Office Hours: appointment by email
News

  • The first meeting of the Intensive Computation course will be on Wednesday, 24 February 2021
  • For in-person attendance, you should book an attendance spot through Prodigit, filling the form at the link: https://prodigit.uniroma1.it/
  • To get information on the lessons in streaming, access the course material and receive notices, you must register on Classroom for the w5ftylh course using your Sapienza email address (surname.matricola@studentiNOSPAM.uniroma1.it).

  • Lessons are scheduled for:
    • Wednesday (11:00 am - 13.00 am)
    • Friday (10:00 am - 13.00 am)
    • in Room G0, Palazzina G (Building G) Regina Elena

Aim of the course

The aim of the course is to provide students with methodologies for the solution of problems requiring intensive computation, in particular scientific problems.

Topics covered in this course include:

  • Introduction to Matlab
  • Concepts and methods: sparse matrices, eigenvalues and eigenvectors, linear algebras methods, etc.
  • Errors and simulations
  • Problems like Molecular Dynamics, Graph connectivity, Global search algorithms, etc.
  • Advanced topics on architectures and arithmetic operations
  • Introduction to GPU architecture and programming
  • Performance measures

Lectures 2020-2021

Lecture 1, February 24th, 2021 Introduction to the course.
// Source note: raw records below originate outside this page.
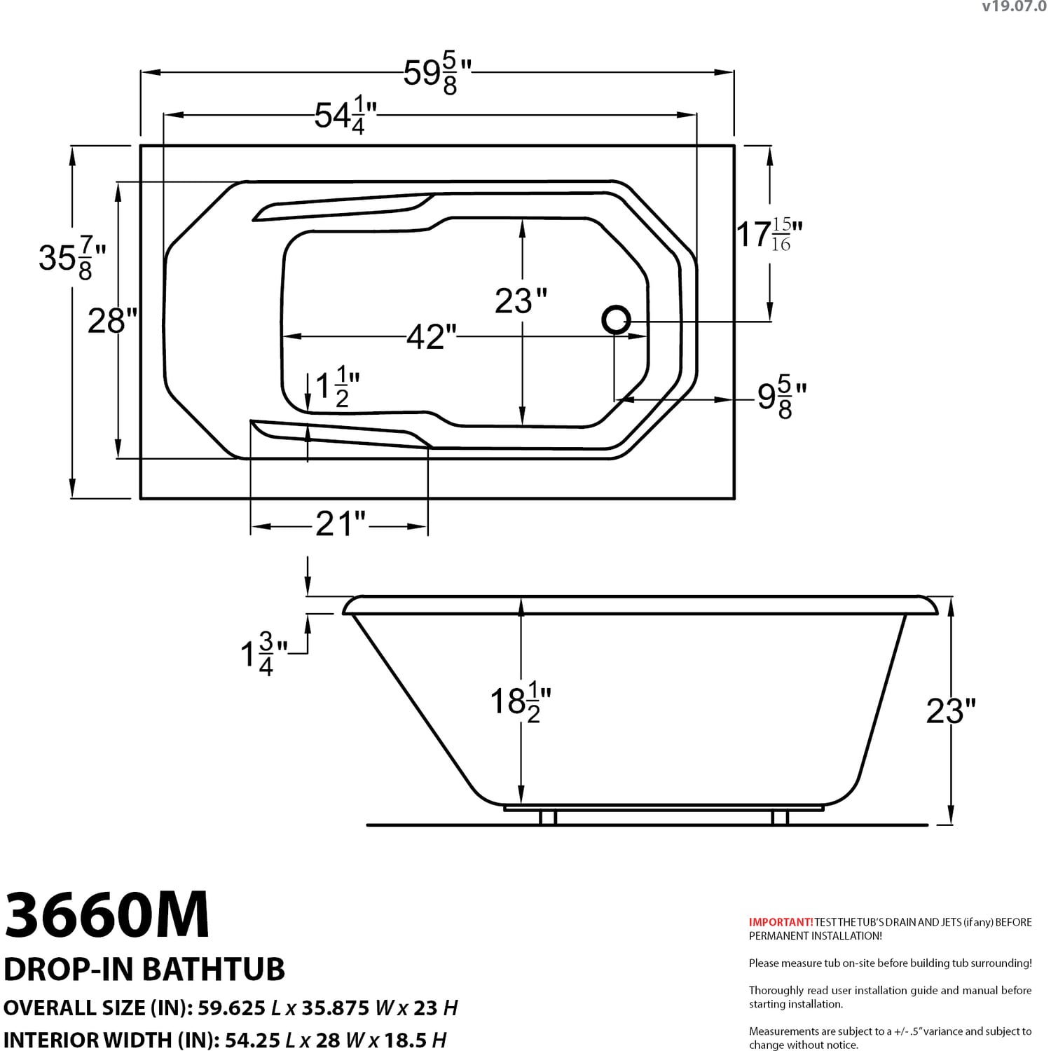 Mirage bathtubs feature a compact rectangular design with an oval opening. Molded arm and back rests provide exceptional comfort, while aiding in safety. Creates an elegant, functional centerpiece for your bathroom and the focal point for relaxation. Aesthetically appealing and physically soothing merging both worlds into a triumph of elegance.Give us a call at 1-866-588-8008 if you have any questions or just need help selecting the right tub for your needsSOAKING BATHTUB - Non-jetted deep soaking bathtub that’s easy to install. No need to run electrical wiring.Marine grade acrylic with fiberglass reinforcement offers a smooth long lasting shine with superior durabilitySmooth, glossy ultra white acrylic finishCenter drain locationOverall dimensions: 59.625" L x 35.875" W x 23" HBasin dimensions: 54.25" L x 28" WAverage water capacity: 50 gallons10 YEAR WARRANTY - Bathtub shell is protected with a limited 10 year warranty against manufacturer defects; 1 year for parts replacement; 90 days for laborCurbside delivery only. The carrier will only unload the bathtub off the truck and is not responsible for carrying package inside home.IAPMO Listed10 year warranty on bathtub shell; 1 year warranty on parts; Lifetime warranty on door seal
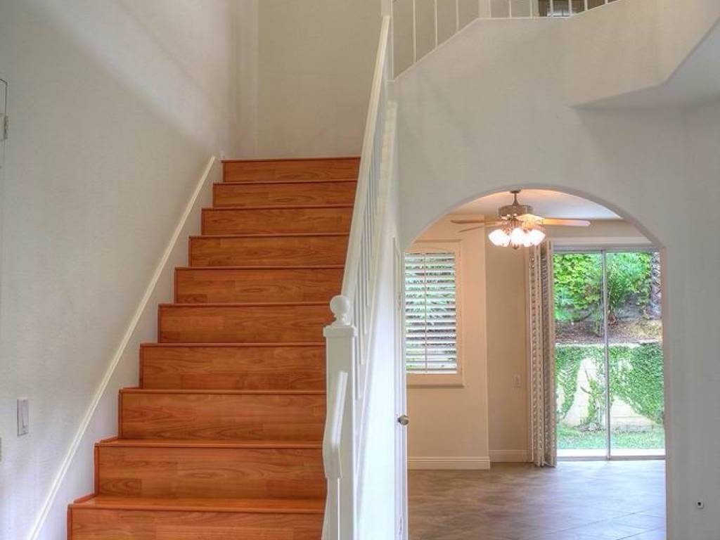 Bright, light, open floor plan in the beautiful Islands development. This detached home features 3 bedrooms plus a loft, 2 1/2 baths, unique 2-sided fireplace, skylights, plantation shutters, high ceilings, and no common walls. This largest floor plan also has a front yard and tropical, private backyard. Flooring is wood or tile, no carpeting.
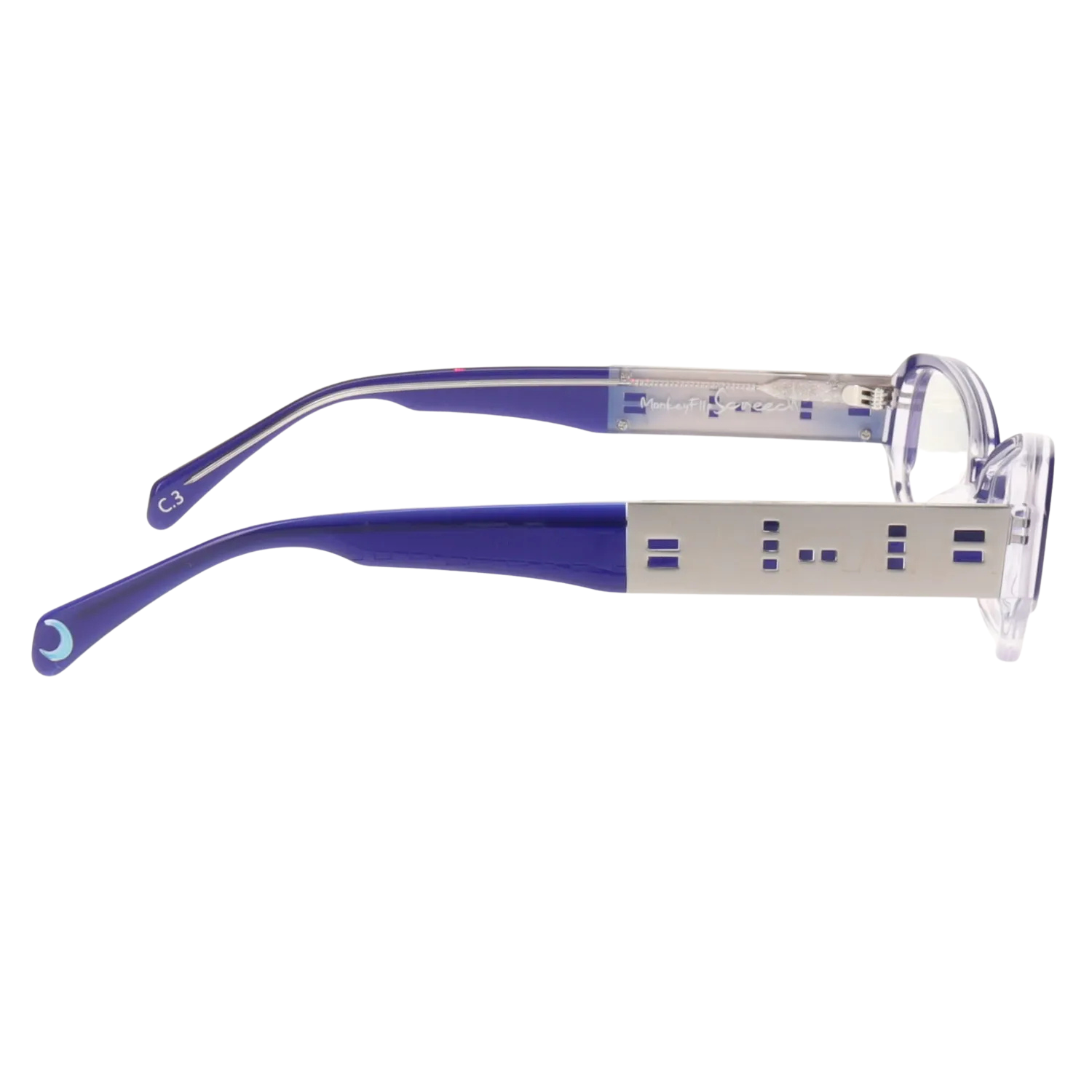 晴れた日の夜景を閉じ込めた特別なアイウェアです。近年珍しい細身のスクエアタイプに懐かしさを感じさせながら、窓からこぼれる灯りをテンプルに表現し、先セルには月をアクセントに配した、都会の夜景をデザインテーマとした美しい一本となっています。
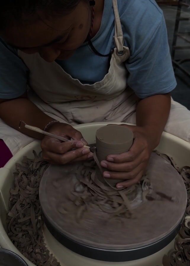 A woman wearing a blue shirt and a light-colored apron sits at a pottery wheel. She is using a small tool in her right hand to cut or shape a cylindrical piece of clay on the rotating wheel. Her left hand is supporting the clay. The wheel is surrounded by damp clay scraps. There is a container with water to the left of the wheel. The scene appears to be indoors, possibly in a studio or workshop setting.

Lecture 1 - Introduction

Lecture 2, February 26th, 2021 Introduction to Matlab - Part 1 - Lecture 2 - Matlab
Laboratory, February 26th, 2021 Laboratory: Introductory exercises - Part 1

Lecture 3, March 3rd, 2021 Introduction to Matlab - Part 2 - Lecture 3 - Matlab
Laboratory, March 3rd, 2021 Laboratory: Introductory exercises - Part 2

Lecture 4, March 5th, 2021 Sparse matrices: definitions and motivation of compact formats. Compact storage methods for sparse matrix: Coordinate, Skyline, Compact Sparse Row CSR, Compact Sparse Column CSC, Modified Sparse Row MSR. Lecture 4 - SparseMatrices.pdf

  • Appendix of book Solving Numerical PDEs: Problems, Applications, Exercises - Formaggia, Saleri, Veneziani - 2012 - read pp. 395-409

Lecture 5, March 10th, 2021 Exercises on Sparse matrices.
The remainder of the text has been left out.